Here is a comprehensive breakdown of everything you need to know in the run-up to this year’s event.

Who?

The world’s top tennis stars, including World No.1 Andy Murray, World No.3 Milos Raonic, fourteen time Grand Slam champion Rafael Nadal, Czech powerhouse Tomas Berdych, Debutant David Goffin and charismatic Frenchman Jo-Wilfried Tsonga.

Day Eight - Barclays ATP World Tour Finals

What?

The Mubadala World Tennis Championship. Labelled the annual ‘season opener’, it continuously attracts the best from the sport of tennis that the world has to offer. The tournament lasts three days and is packed with action from start to finish.

Not only can spectators see a minimum of two world-class tennis games each day, they also have access to plenty of family fun in the Tennis Village.

Just outside centre court, guests can get up-close-and-personal with the players through autograph signing sessions, including Andy Murray and Milos Raonic on day one of the tournament and Rafael Nadal on day two.

Fans also get the chance for a coaching clinic with Murray on the opening day. Other famous faces you will spot in Tennis Village this year include Judy Murray, Andy Murray’s mum. There is something for all the family, especially the little ones as there is a special Kids Day on day one.

When?

29-31 December 2016. Here’s what’s in store for fans on each day:

Day One – 29 December

On day one, David Goffin will face crowd favourite Jo-Wilfried Tsonga in the opening match of the tournament. Ranked 11th and 12th in the world, and good friends off the court as well, it’s bound to be dramatic, particularly as Tsonga has won three out of their five encounters.

Fourteen-time Grand Slam champion Rafael Nadal, returning for his eighth appearance at the Mubadala World Tennis Championship and looking to retain his title, will meet Czech giant Tomas Berdych in the second match of the day.

These two have met only once previously in Abu Dhabi at the 2010 edition, with Nadal sailing through to the semi-finals 6-4 6-4.

Day Two – 30 December

Murray and Raonic will be waiting hungrily to face the winners of day one for a blockbusting Friday.

Murray will be first up in the 5pm semi-final against Tsonga or Goffin, followed by Raonic v Berdych or Nadal at 7pm.

A bonus for tennis fans looking for a packed day of action, the fifth place play-off will kick off proceedings at 2.30pm, followed by a showdown featuring the top two Emirati players who will go head to head in a doubles match with the fifth and sixth place players.

Day Three – 31 December

The competition heats up at 1pm in the battle for third place, followed by the ultimate on-court clash at 3pm for the final.
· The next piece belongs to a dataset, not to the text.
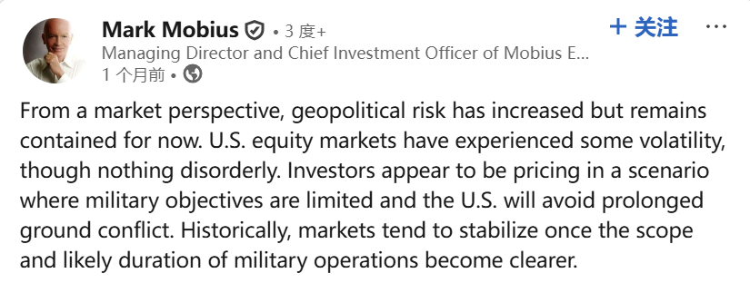 一个月前,麦朴思的领英账号还在发布市场观点。他提到,从市场角度看,地缘政治风险有所增加,但目前仍受控。投资者似乎在定价军事目标有限、美国将避免长期地面冲突的局面。美国股市经历了一些波动,但并不算无序。历史上,一旦军事行动的范围和可能持续时间明朗,市场往往趋于稳定。

Be there.

On paper it should be a Murray-Raonic showdown which would mean a rematch of this year’s Wimbledon final, and the recent epic semi-final between the two at the ATP World Tour Finals in London.

But sport is never predictable and Nadal could well bring his usual Mubadala World Tennis Championship magic to town in a bid to take his fourth title in Abu Dhabi on New Year’s Eve. With Nadal playing on day one, this is the first time Nadal has the potential to play all three days of the tournament.

Where?

The International Tennis Centre, Zayed Sports City, Abu Dhabi. Activities start from midday each day, except for finals day, Saturday 31st, where it begins at 10am.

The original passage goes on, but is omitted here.